“A writer at the height of her powers” (Oprah.com) reflects on a literary life pulled in two directions: from war zone journalism to the writing and teaching of fiction
In an essay entitled “Spirit and Vision” Melissa Pritchard poses the question: “Why write?” Her answer reverberates throughout A Solemn Pleasure, presenting an undeniable case for both the power of language and the nurturing constancy of the writing life. Whether describing the deeply interior imaginative life required to write fiction, searching for the lost legacy of American literature as embodied by Walt Whitman, being embedded with a young female GI in Afghanistan, traveling with Ethiopian tribes, or revealing the heartrending story of her informally adopted son William, a former Sudanese child slave, this is nonfiction vividly engaged with the world. In these fifteen essays, Pritchard shares her passion for writing and storytelling that educates, honors, and inspires.
Melissa Pritchard is the author of the novel Palmerino, the short story collection The Odditorium, and the essay collection A Solemn Pleasure: To Imagine, Witness, and Write, among other books. Emeritus Professor of English and Women’s Studies at Arizona State University, she now lives in Columbus, Georgia.
I.
A Room in London
The writer lives for two months in London, in another writer’s cramped but atmospheric refuge.
Spirit and Vision
In this essay, the question “why write?” is posed and by way of an answer, Walt Whitman is shown to be a writer of compassionate witness, in contrast to the profit-based pressures of the marketplace.

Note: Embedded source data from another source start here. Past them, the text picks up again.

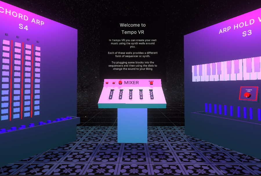 The aim of this project was to construct a VR based application which allowed Users to experience and create digital music in Virtual Reality, with a major focus on synthesis and digital sequencers.
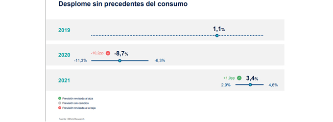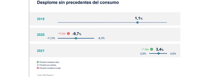 BBVA Research ha publicado el informe 'Situación Consumo 1S20' donde hace previsiones sobre la economía española. El consumo, según sus cálculos registra un "desplome sin precedentes del consumo". Sus estimaciones apuntan a que este año el consumo de los hogares caerá hasta un 8,7%, después de un crecimiento del 1,1% en 2019. El centro de estudios señala que al siguiente año, en 2021, el consumo crecerá un 3,4%.
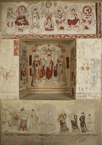 此窟正壁龛内原有唐塑一佛二弟子,均经后代重新装修。龛顶壁画已经残缺,现存部分因多年在宋画的覆盖下,至今保持着明亮的色调,朱色的线描清晰可见。所画菩萨群像和优美生动的供养菩萨,显示出初唐龛顶装饰华丽、细腻而宁静的艺术风格。
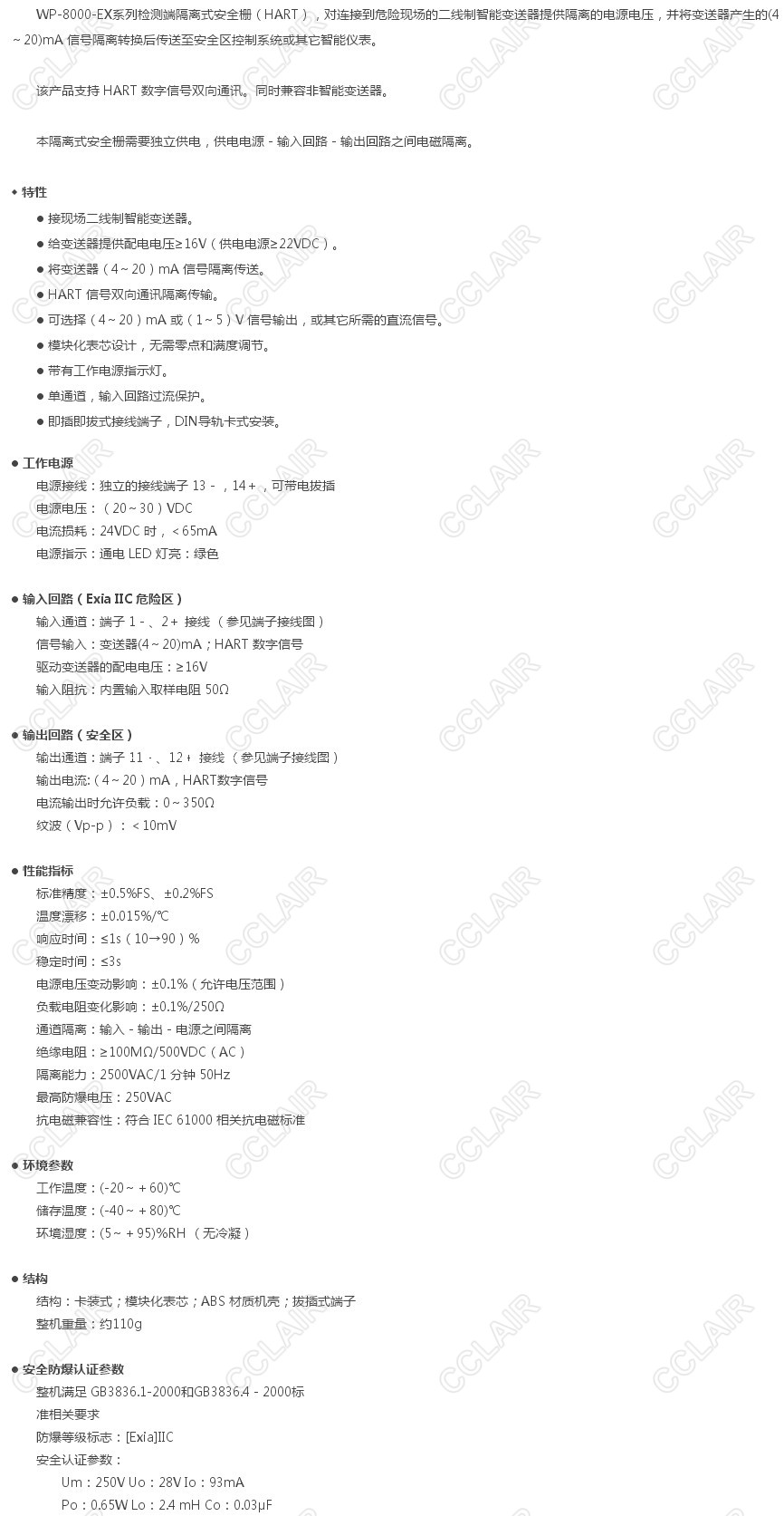 WP-8041-EX,检测端隔离式安全栅(HART)

From the Deep South to the Desert South: An Epiphyte’s Confession
Aware of the power of region in fiction, the writer wonders if her own bland, semi-erased origins will be an obstacle to her literary ambitions.
On Kaspar Hauser
In the British Library, composing a fictional account of the German-born feral child, Kaspar Hauser, the writer comes to see books as devotional objects, holy histories, reliquaries of the human mind.
II.
Time and Biology: On the Threshold of the Sacred
How inescapable pressures of temporality and mortality upon any writer’s work can be met with cultivated courage and an undiminished passion for expressing emotional truths.
Elephant in the Dark
In this essay, an argument is made for “point of view” as being one of the most critical, early decisions to be made by the writer when embarking on a new story.
The Gift of Warwick
A powerful, bittersweet arc of community can emerge in a writing workshop over weeks or months, attesting to attachments formed by a common vulnerability of writers and their shared passion for language and story.
III.
Doxology
The origins and history of the dachshund lead into the author’s own love for her miniature male dachshund, Simon.
A Solemn Pleasure
When the writer reluctantly travels to a writing residency in a castle outside of Edinburgh, Scotland, weeks after her mother’s death, her grief is given perspective when she discovers a cemetery of ancient headstones, each inscription a compressed, often tragic, story.
A Graven Space
In this reflective essay on Georgia O’Keefe, a question emerges: is it possible we idealize the lives of renowned artists in an attempt to unconsciously avoid responsibility for the success or failure of our own creativity?
Decomposing Articles of Faith
Here is an unorthodox, even heretical, response to familiar phrases of Catholic prayer by the writer, herself an unorthodox, even heretical, Catholic.
IV.
Finding Ashton
In this piece, the writer embeds with six female soldiers in Panjshir Province, Afghanistan, and forms an unexpected attachment to the youngest, Senior Airman Ashton Goodman, who will be killed by an IED outside Bagram Air Field four months later.
“Still, God Helps You”: Memories of a Sudanese Child Slave
The harrowing story of a Sudanese boy captured from his village and enslaved by the Janjaweed, only to escape years later into still more harrowing circumstances, as told to the writer by William Akoi Mawwin, now the writer’s informally adopted son.
Circle of Friends
Bereft and directionless, in quiet crisis, the writer travels with photographers Angela Fisher and Carol Beckwith to the remote Omo River region of Ethiopia, gaining an unexpected perspective on aging and loneliness.
V.
On Bibliomancy, Anthropodermic Bibliopegy and the Eating Papers
An essay on books, focusing on the use of books for divination, on rare but extant books bound in human skin, and on the ancient healing practice of eating words written on paper.